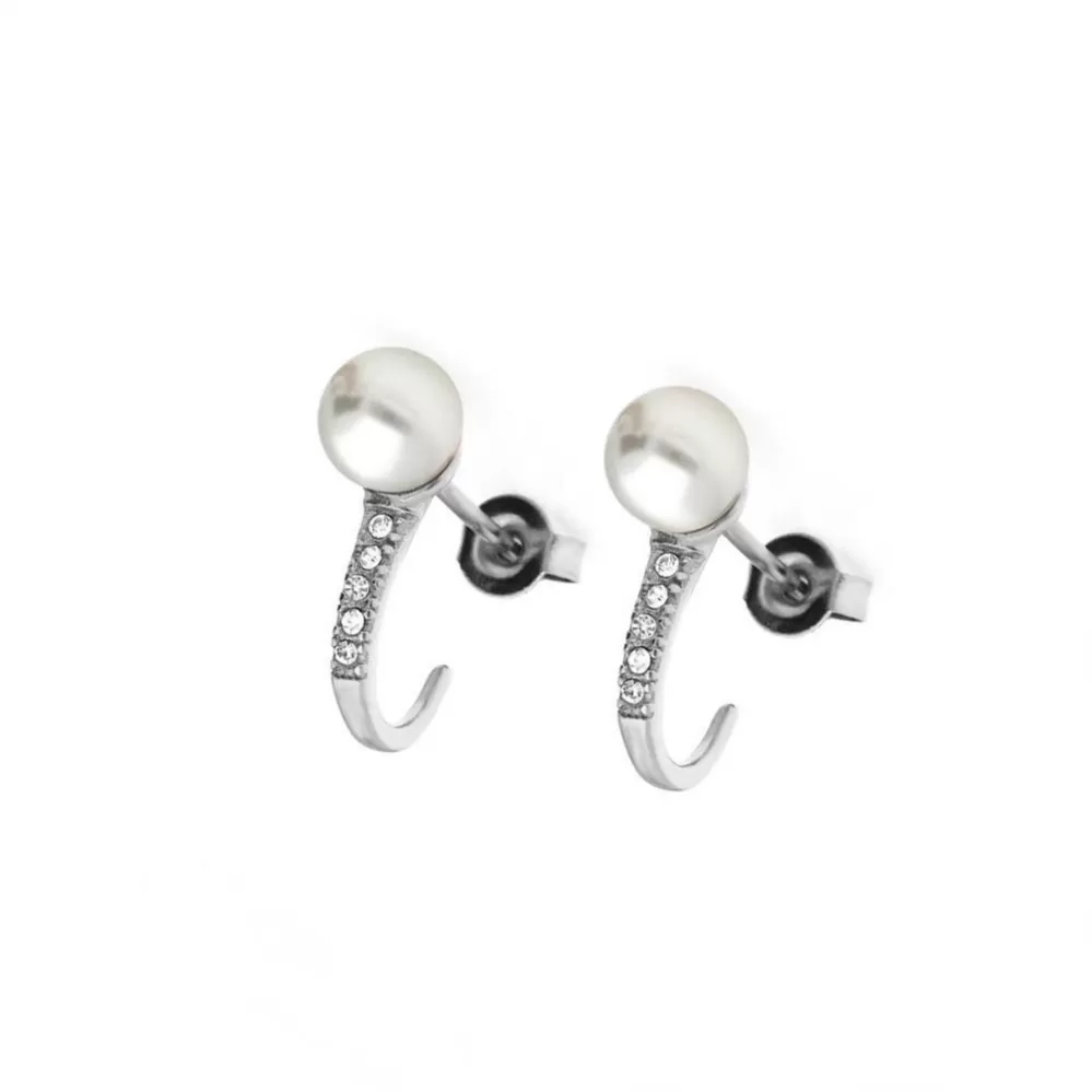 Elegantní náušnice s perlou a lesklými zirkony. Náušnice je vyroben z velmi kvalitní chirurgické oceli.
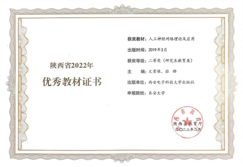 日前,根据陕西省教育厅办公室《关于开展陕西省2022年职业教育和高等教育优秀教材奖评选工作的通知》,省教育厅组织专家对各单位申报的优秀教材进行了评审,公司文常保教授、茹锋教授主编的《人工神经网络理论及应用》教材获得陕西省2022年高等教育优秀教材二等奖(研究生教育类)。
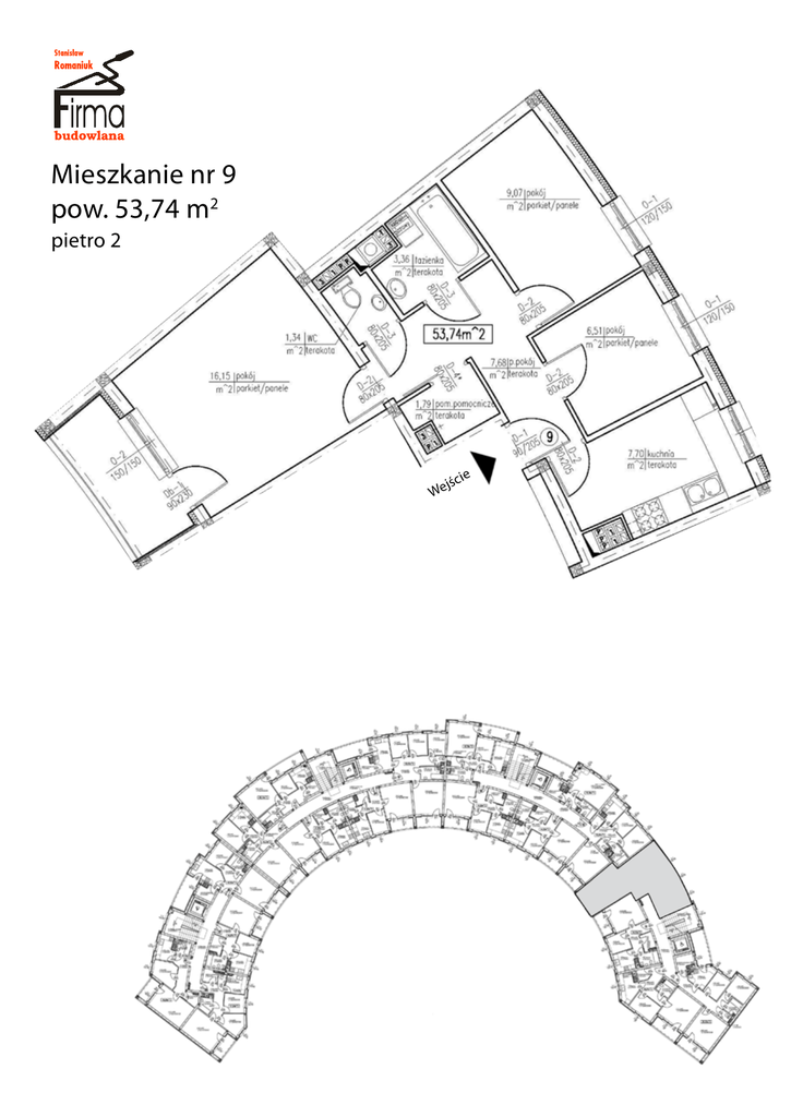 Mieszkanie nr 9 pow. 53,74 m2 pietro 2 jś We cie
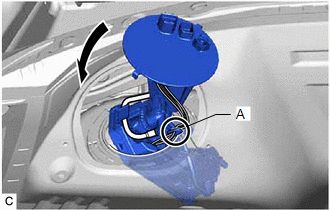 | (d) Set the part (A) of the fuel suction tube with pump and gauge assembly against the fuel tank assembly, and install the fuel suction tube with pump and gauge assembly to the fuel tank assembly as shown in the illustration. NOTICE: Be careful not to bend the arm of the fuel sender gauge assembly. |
· · · · ·
● AIM OF THE TASK: Leave every picture out and write out exactly the lines from the line with "Mieszkanie nr 9" through the last line of the material.

● RESPONSE FOR THIS EXERCISE:
 Mieszkanie nr 9 pow. 53,74 m2 pietro 2 jś We cie
 | (d) Set the part (A) of the fuel suction tube with pump and gauge assembly against the fuel tank assembly, and install the fuel suction tube with pump and gauge assembly to the fuel tank assembly as shown in the illustration. NOTICE: Be careful not to bend the arm of the fuel sender gauge assembly. |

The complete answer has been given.